第三に、我々は、世界経済とつながり、また、ロシアの金融システムの体系上重要なロシアの銀行に対し、引き続き行動をとっていく。我々は、既にロシアの中央銀行及び最大規模の複数の金融機関を標的にすることにより、ロシアがその侵略戦争への資金供給を行う能力を著しく減じてきた。

第四に、我々は、ロシアの体制によるプロパガンダの拡散の企てを撃退する取組を継続する。尊敬される民間企業であれば、ロシアの軍事機構を養っているロシアの体制と関連組織に収益を提供すべきではない。

第五に、我々は、プーチン大統領の戦争遂行の取組を支援し、また、ロシア国民の資源を浪費している金融エリートやその家族に対する我々のキャンペーンを継続し、また強化する。我々は、国家の権限と整合的な形で、追加的な個人に対する制裁を課していく。

我々は、国際的なパートナーとの協力を継続し、彼らに対し、我々を支持し、制裁の回避、迂回及びバックフィルの防止を含む同様の行動をとることで後に続くよう呼びかける。

プーチン大統領の戦争は、世界的な経済の混乱を引き起こし、世界のエネルギー供給の安全保障、肥料及び食料の供給、並びに世界のサプライチェーン全般の機能に影響を及ぼしている。最も脆弱な国々が、最も深刻な影響を受けている。我々は、世界中のパートナーと共に、この戦争の有害な影響に対抗するための取組を強化している。

プーチン大統領のウクライナに対する戦争は、世界の食料安全保障に厳しい負担をかけている。国連と共に、我々はロシアに対し、ウクライナの食料生産や輸出を更に阻害する封鎖やその他のあらゆる行動を、ロシアによる国際的なコミットメントと整合的な形で終わらせることを要求する。その不履行は、世界の食料供給に対する攻撃と見なされることとなる。
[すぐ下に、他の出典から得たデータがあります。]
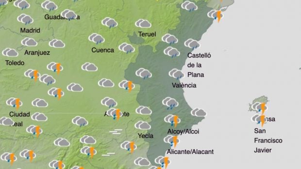 La Agencia Estatal de Meteorología ha decretado la alerta amarilla en todos los puntos de la Comunidad Valenciana. Las lluvias más fuertes se esperan en Castellón, donde puede haber una precipitación acumulada de 80 mm en el litoral sur de la provincia. En Valencia y Alicante, el acumulado en una hora puede ser de 20 mm, tanto en el interior como en la costa.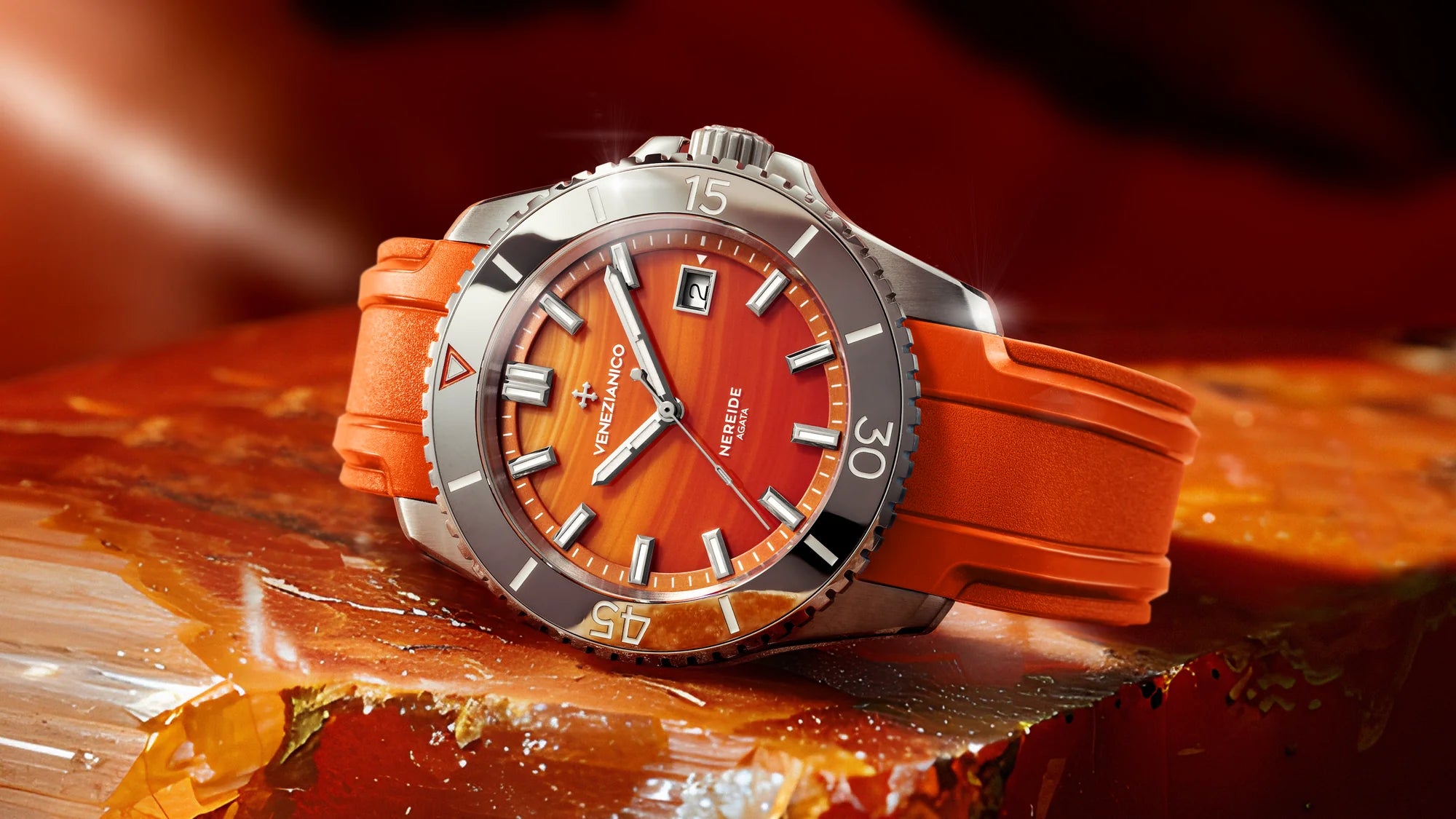 Our dive watch, water-resistant to a depth of 200 meters, takes its name from the Nereide submarine, a marvel of Venetian naval technology. This timepiece is engineered to endure strong stresses, making it particularly well-suited for water sports enthusiasts.

我々は、ウクライナが次の収穫期を見据えた生産を継続し、代替ルートによるものを含めた輸出を継続することを支援するための努力を強化する。

我々は、国連グローバル危機対応グループへの支援として、機運と協調を確保するための我々の共同イニシアティブとしての食料安全保障のためのグローバル・アライアンスやその他の取組を通じて、世界の食料危機の原因と影響に対処する。我々は、食糧農業強靱化ミッション(FARM)や、アフリカ及び地中海の国々に向けたものを含む主要な地域的なアウトリーチ・イニシアティブなどといった様々な国際的なイニシアティブで計画されているように、政治的コミットメントを具体的な行動に移すという目標の下、G7以外の国際的なパートナー及び組織と緊密に協力する。我々は、我々の制裁パッケージが人道支援の提供や農産物の貿易を妨げないよう、慎重に対象を絞ったものであることを改めて強調するとともに、最も脆弱な人々に影響を与えるような食料の輸出規制を回避するという我々のコミットメントを再確認する。

G7とウクライナは、この困難な時期に、ウクライナの民主的で繁栄した未来を確保するための努力において結束している。我々は、プーチン大統領がウクライナとの戦争に勝利することがあってはならないという決意の下に引き続き結束している。我々は、第二次世界大戦の際に自由のために戦った全ての人々の記憶に対し、ウクライナ、欧州及び国際社会の人々のために、今日も自由のために戦い続ける責任を負っている。